Application Session Images

This section discusses how to produce the run-time chroot images in which a particular session of a particular activity will run. The chroot is intended to implement many of the BitFrost requirements for data-safety while still allowing for legacy applications to be run with a simple recompile for the platform.

Journal Approach

This is the "pure" OLPC approach outlined in Journal and Overlays, it assumes that we can overwrite the standard File Open dialogues in every activity running on the laptop to trigger a Journal browser that will run out-of-process and allow us to select a file for linking into the system.

  • System Software
  • Application Installation Image
    • User Customisation Layer (For IDEs and the like)
  • Read-only referenced-file layer
    • Files/journal environments link referenced values into this layer
  • Read-write created-file layer
    • All file access queries link/generate files in this layer
    • Journal queries might include such things as "all images" then add all of those images to the read-only layer
  • Possible "volatile" layer mounted in a particular area for applications/users to use for volatile files (e.g. databases or similar files that should be backed up only in a single version)

Legacy (Versioned) Approach

This is a less pure approach that does not assume the ability to override all File Open dialogues or the like. Instead of having a "clean" environment for each run of an activity, the activity keeps a collection of all files created by the activity over time in a versioned file-system tree.

This has the distinct disadvantage that the environment tends to get cluttered with things you don't need, while making importing of files into the environment from another application a bit of a pain (non-standard operation).
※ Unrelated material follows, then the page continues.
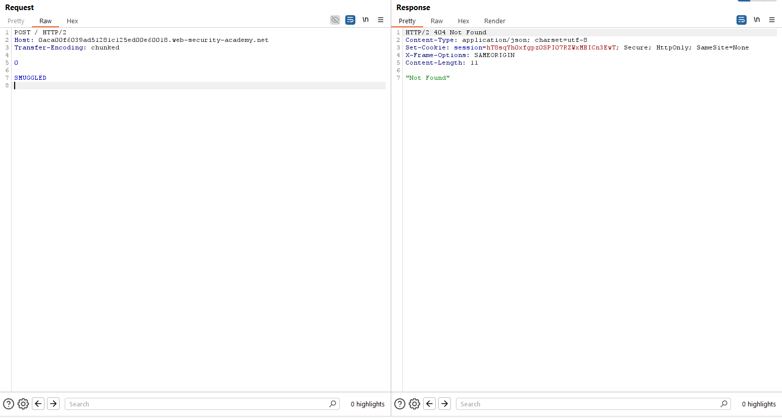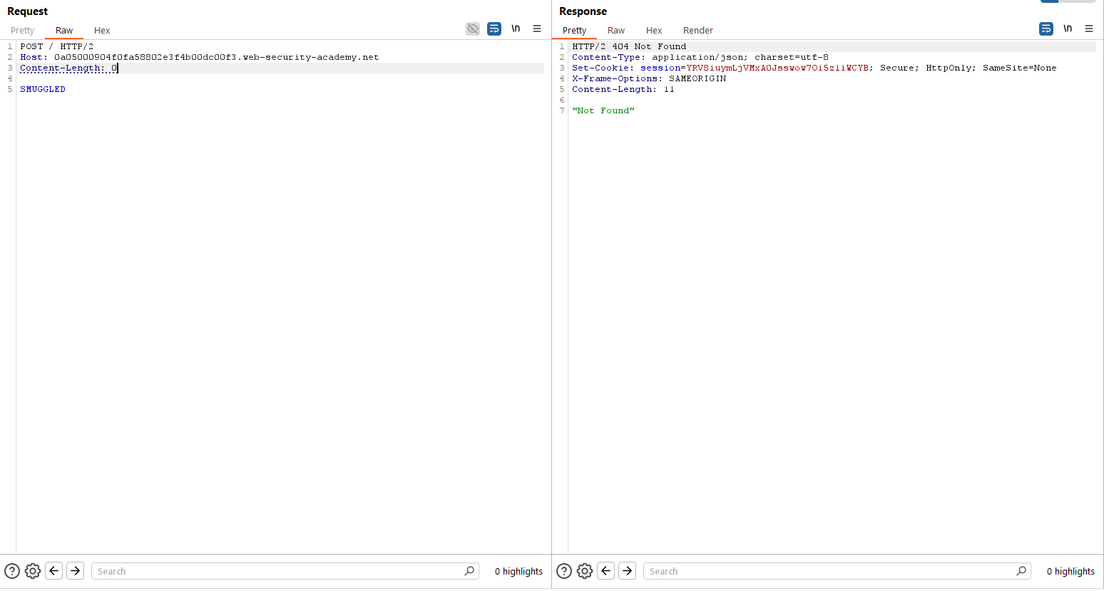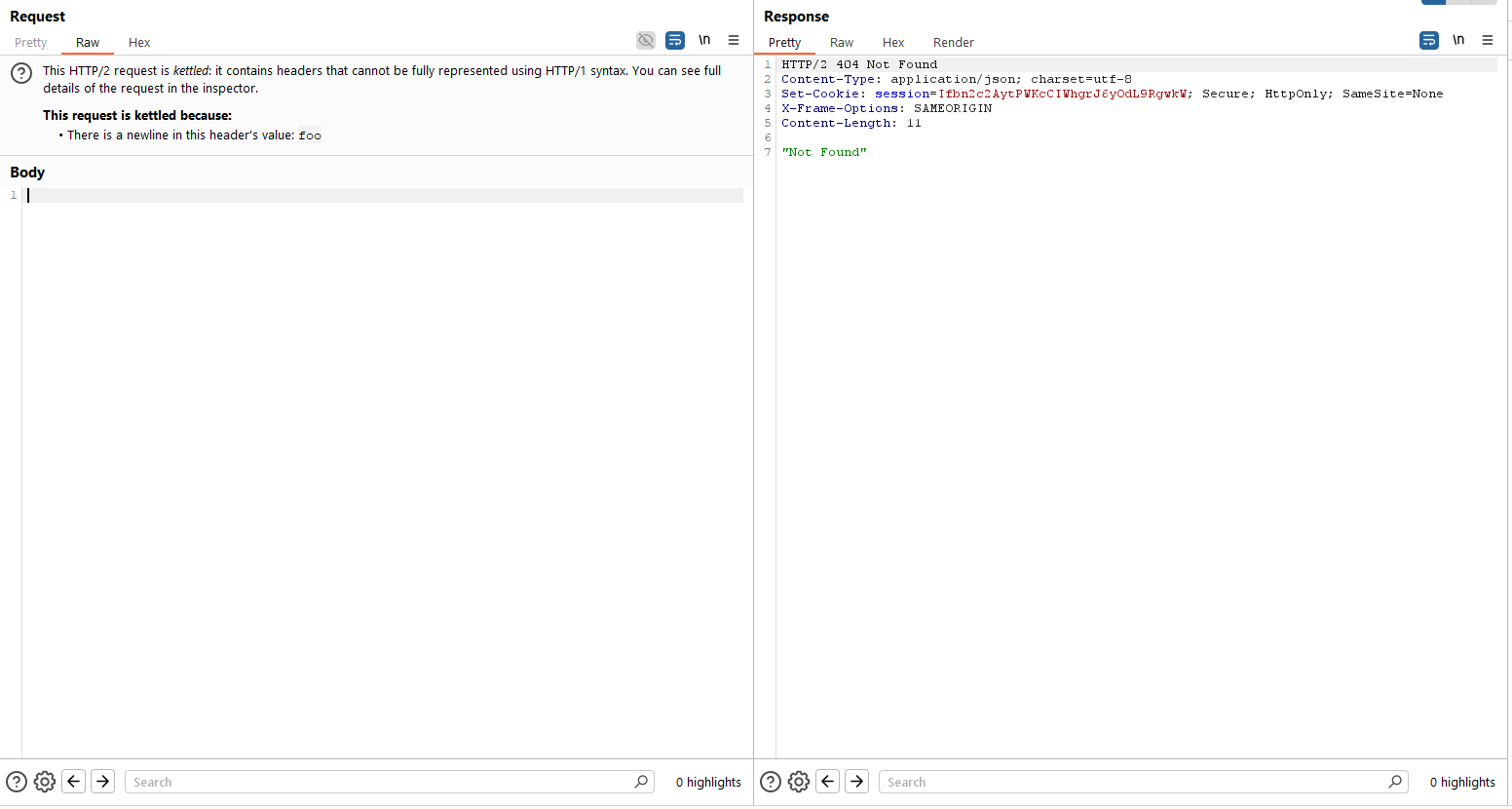 Además de lo anterior, probamos que la aplicación es vulnerable a HTTP Request Smuggling a través de la inyección de CRLF en cabeceras arbitrarias. Para ello, usamos el editor HTTP/2 de Burp Suite, confirmando este punto:

  • Software: r/o core system (base, security, user overlays), r/o installation image (+ possible update images)
  • Software-as-Data: r/w user customisation image (probably only for "develop"-active activities and likely only per-user)
  • Data: r/o previous state images (data directories), r/w current state image (data directories)
  • r/o previous-state images (versioned)
    • monthly, weekly and daily backup snapshots
    • migration/coalescing over time so that after a week daily snapshots move into a weekly snapshot and after a month the weekly snapshots move into the core image for the activity
  • r/w current-working image
    • preferably instrumented to allow for monitoring changes and registering created/altered files in the journal
      • the file version registered in the journal would, however, only exist until coalescing, so the backup mechanism would need to have encrypted and uploaded the file to the backup service before coalescing occurred
      • in the simple case, when you close an activity, examine the file-system overlay for the session and see if there are files in the r/w overlay, if there are, something has changed, add it to the journal (the problem being activities that are left open for months won't get into the journal in that case, so the "per-day" version overlay replacement would need to do the journaling as well)
    • it would be elegant if we could allow sharing among applications by having the journal-based file selection make a file visible within the current-working image by hard-linking it into the appropriate "previous-state" image
    • That is, when you select a 120MB recording from the "video tutorial activity" in the journal that you want to present to your teacher in the "presentation activity" the journal would find the file-on-disk (or in backups, or whatever) and would hard-link it into the appropriate day's overlay for the *current* application. The current application would then have COW access to the file. Problems occur with naming conflicts in the current directory (particularly where you've already deleted a file of that name in a later session) might need to have a check before copying in and automatic renaming, which could be confusing. Almost want it to be a special r/o layer just below the r/w layer to make it work reliably there.
  • r/w unversioned image (sub-tree, e.g. "~/volatile and /var/volatile")
    • for storage of things like databases where legacy applications are storing history and the like internally in a big file that contains all of the user's work
  • For each user's "profile" (personal data such as general encryption key, backup/log encryption keys, identifying photo and the like)
    • Versioned storage, as for an activity, but only available (directly) to the system's blessed user-profile-editor activity

Services Required

Overlay Manager

About the only software that should run outside the core chroot. This is the software that knows how to create and tear down overlay file systems.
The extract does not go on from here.